Tuberculosis (TB), caused by pathogen Mycobacterium tuberculosis, ranks as the top infectious killer in the world, with the highest mortality even exceeding those from human immunodeficiency virus (HIV). Moreover, the prevention and control of TB have become more difficult because of the emergence and rapid dissemination of multidrug-resistant, extensively drug-resistant, and totally drug-resistant M. tuberculosis strains. In addition, after the development of rifampicin, few effective anti-TB agents were developed. The significant morbidity and mortality of TB, as well as its continuously emerging drug resistances, have posed great threats to the human health. Hence, novel anti-TB agents with increased potency and efficacy are urgently needed.

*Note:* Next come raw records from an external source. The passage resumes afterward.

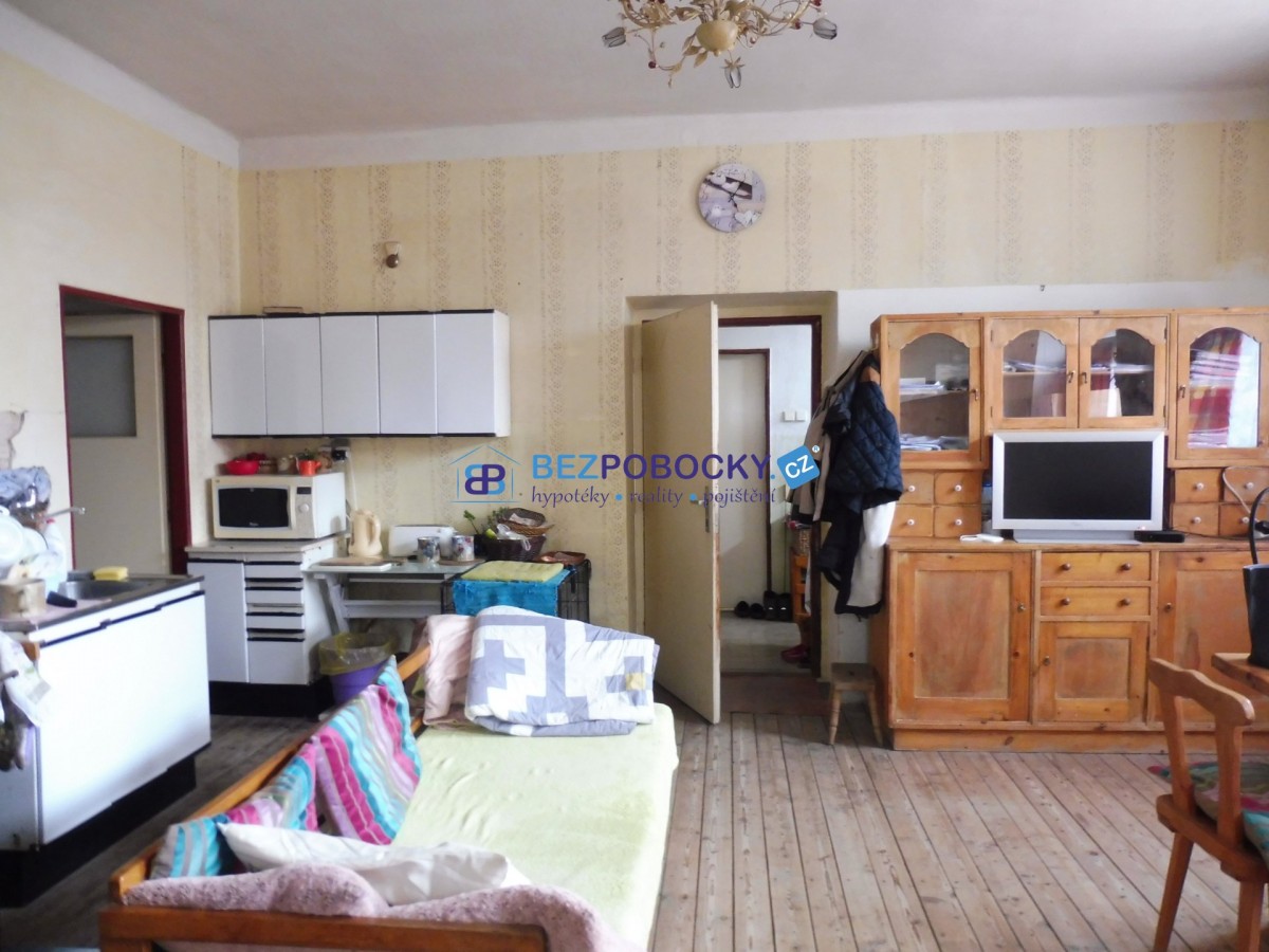 Dům je uprostřed rozdělen velkou chodbou. Vlevo je vstup do bytu, kde je prostorná kuchyň s obývací částí a navazují další dva pokoje. Dále je zde koupelna a sociální zařízení WC. Chodbou je vstup do sociálních zařízení, která zde byla součástí hospody a která jsou funkční. Vpravo je pak vstup do bývalé hospody, kuchyně, kde jsou dva sklady, dále vstup na půdu, která vybízí k vybudování podkrovních pokojů. Celý dům je podsklepený, kde jsou klenuté stropy. Dům je průchozí na slunnou zahradu, kde je i parkovací stání a stodola. Majitel v loňském roce provedl opravu vodovodu v obytné části a opravu části střechy. Při rychlém jednání je možná dohoda ceny.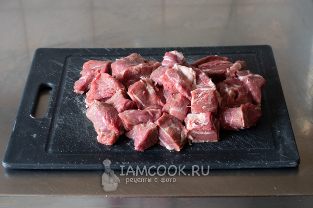 Мясо порежем кусочками с размером стороны приблизительно 3-4 сантиметра.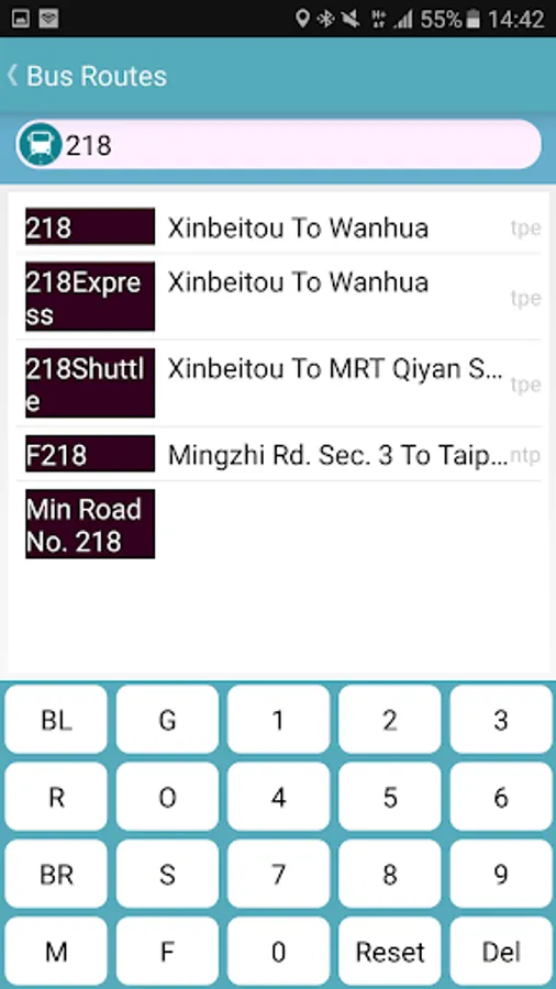 - Query specific bus route information by using route number or bus stop name ( or keywords)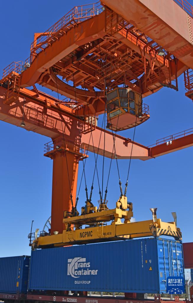 9月19日,在中歐班列(沈陽(yáng))集結中心,中國鐵路沈陽(yáng)局集團有限公司工作人員使用龍門(mén)吊進(jìn)行中歐班列裝車(chē)作業(yè)。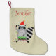 Calcetín Navideño Pequeño Raccoon En Santa Hat Atrapado En Luces De Navidad

With the antibiotics abuse and the emergence of multidrug-resistance among human pathogenic bacteria, finding new antibiotics has become one of the important goals for drug research. Due to the unique marine physiological environment, marine actinomycetes, one of the main sources of marine microbial natural products, can produce much new secondary metabolites with potential bioactivity, which provide a new resource for drug research and development (Bull et al. 2000; Kamjam et al. 2017). In 2019, 145 new marine natural products were discovered from Streptomyces, accounting for 62.5% of bacterial sources, which indicated that Streptomyces played an important role in the mining of marine natural products (Carroll et al. 2021). In addition, it is estimated that more than 40% of the known microbial secondary metabolites are produced by actinomycetes, and more than 70% of the discovered natural antibiotics are from actinomycetes, such as gentamicin, erythromycin, cephalosporin and rifamycin (Dhakal et al. 2017; Emiliana et al. 2018). Up to now, more than 50% of antibiotics are developed from Streptomyces, which makes Streptomyces the main antibiotic producing microorganism in the pharmaceutical industry (Demain 2014).

Ilamycins, also called rufomycins, are novel cyclic heptapeptides processing rare _L-3-nitrotyrosine and _L-2-amino-4-hexenoic acid (Cheng et al. 2018), which was first discovered by Takita T in Streptomyces insulates (Takita et al. 1962; Kazmaier and Junk 2021). Recently, six new ilamycins (B₁, B₂, C₁, C₂, D and E₁) were isolated from a South China deep sea-derived strain Streptomyces atratus SCSIO ZH16 (Ma et al. 2017). In addition, ilamycins E₁/E₂/F/B₁ (Fig. 1) are produced by the genetically engineered mutant strain (S. atratus SCSIO ZH16 ΔilaR) (Ma et al. 2017), among which ilamycins E₁/E₂ have strong and selective anti-tuberculosis activity against M. tuberculosis H37Rv with the minimal inhibition concentration (MIC) value of 9.8 nM, which is 30-fold lower than that of the first-line anti-TB drug rifampicin (MIC 0.3 μM) (Zhou et al. 2019). However, the initial fermentation conditions of the strain producing ilamycins E₁/E₂ had only a production of 13.51 mg/L, which could not match the demands of new drug research and development. Although the total synthesis of ilamycins E1/E2 had been achieved afterwards, their synthetic route involved with more than 20 steps and less than 2% overall yield, apparently not satisfactory for industrial and clinical applications. Hence, it is an urgent requirement to scale-up the production of ilamycins E₁/E₂ though microbial fermentation.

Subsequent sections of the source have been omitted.